Stirred tapioca flour. Photo: BAO PHUOC |
Tapioca starch or stir-fried tapioca starch is a dish that is closely associated with my childhood. When I was a child living in the countryside, on cold rainy days, my family gathered around the charcoal stove to warm up, with fragrant sweet potatoes buried in the red fire, a warm scent wafting in the air and my grandmother's stir-fried tapioca starch that I can never forget. In the past, there were few snacks, so the dishes of that time were all unforgettable memories. On rainy nights, with a hint of sadness, it was even more unforgettable.
Nowadays, not many people are fond of this dish. Stirred tapioca flour is interesting because of the way it is made and the happy, family atmosphere it brings, but the flavor cannot be compared to shrimp-fat-meat-filled tapioca flour or mung bean-fat-meat-filled tapioca flour. This is a “pot-scraping” dish. In the past, when there was a lot of tapioca flour or leftover tapioca flour but not enough money to buy shrimp and meat for the filling, people boiled and stirred the flour to eat to quickly feel full. Stirred tapioca flour is suitable for the long, cold rainy winter days of Hue , each piece of dough is hot and crispy. I like the feeling of “working with my hands and chewing”, “working” a little bit for a meal is more valuable.
After stirring the tapioca flour evenly in the pot, there will be some areas that are a bit hard, similar to the crispy and chewy Nam Dong (now Phu Loc) pressed cake. Use chopsticks, preferably big chopsticks for a steady hand, to stab the dough and pull it up, roll it up and dip it in fish sauce. The fish sauce is mixed according to taste, you can add garlic, chili, sugar, lemon... for fragrance. The cake is still soft, hot, fresh, blended, soaked in spicy fish sauce, seemingly melting in the mouth, yet chewy and firm.
The way to make this dish is as simple as its name. Put tapioca flour or tapioca flour into a pot, add water and stir until the dough becomes thick. Stirred tapioca flour must be eaten immediately to be delicious, if left for too long the dough will become hard, lose its softness, and will not rise no matter how hard you pull it.
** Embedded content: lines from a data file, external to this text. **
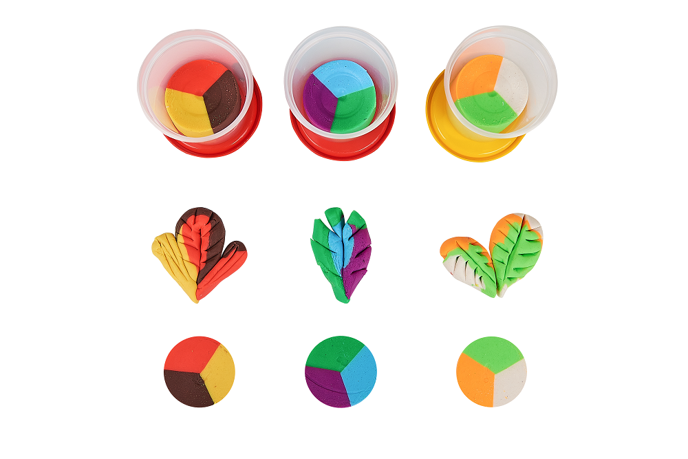 Fiecare ceasca contine 3 culori de modelat, care pot fi separate daca se doreste, sau experimentate amestecându-le împreuna.
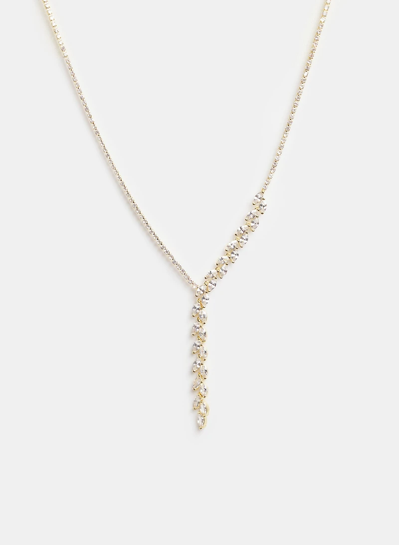 Our pretty Y-shaped necklace embellished with sparkling crystals adds an elegant and refined touch to any outfit. For a sophisticated look, pair it with a solid blouse and matching earrings.
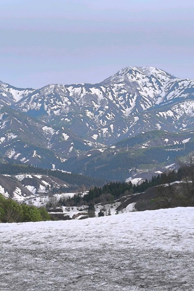 残雪の白、桜のピンク、新緑の緑のコントラストが美しい雪国「魚沼」ならではの絶景の1つ。

Stirred tapioca flour has a slightly different taste from normal banh loc, perhaps because it has just been mixed with water so the cake is more “fluffy” and fresh.
To eat tapioca flour stir-fried, you have to scrape the whole pot, using a spoon to scrape off the "stubborn" layers of flour that still stick to the pot. The flour is transparent, shiny like a giant crystal, very cute. It seems that no one in Hue sells this dish, those who like it can make it themselves, because the recipe is simple, just a snack, a pleasure.
In Binh Dinh, there is a similar dish called “flour noodles, stir-fried”, dipped in fish sauce or eaten with salted anchovies, used in the main meal. In the North, there is also a dish called “cooked tapioca flour” similar to our stir-fried tapioca flour. Tapioca flour and stir-fried tapioca flour are not only found in Hue but are also popular in the Central provinces, but in our country, they still have their own unique and unmistakable flavor.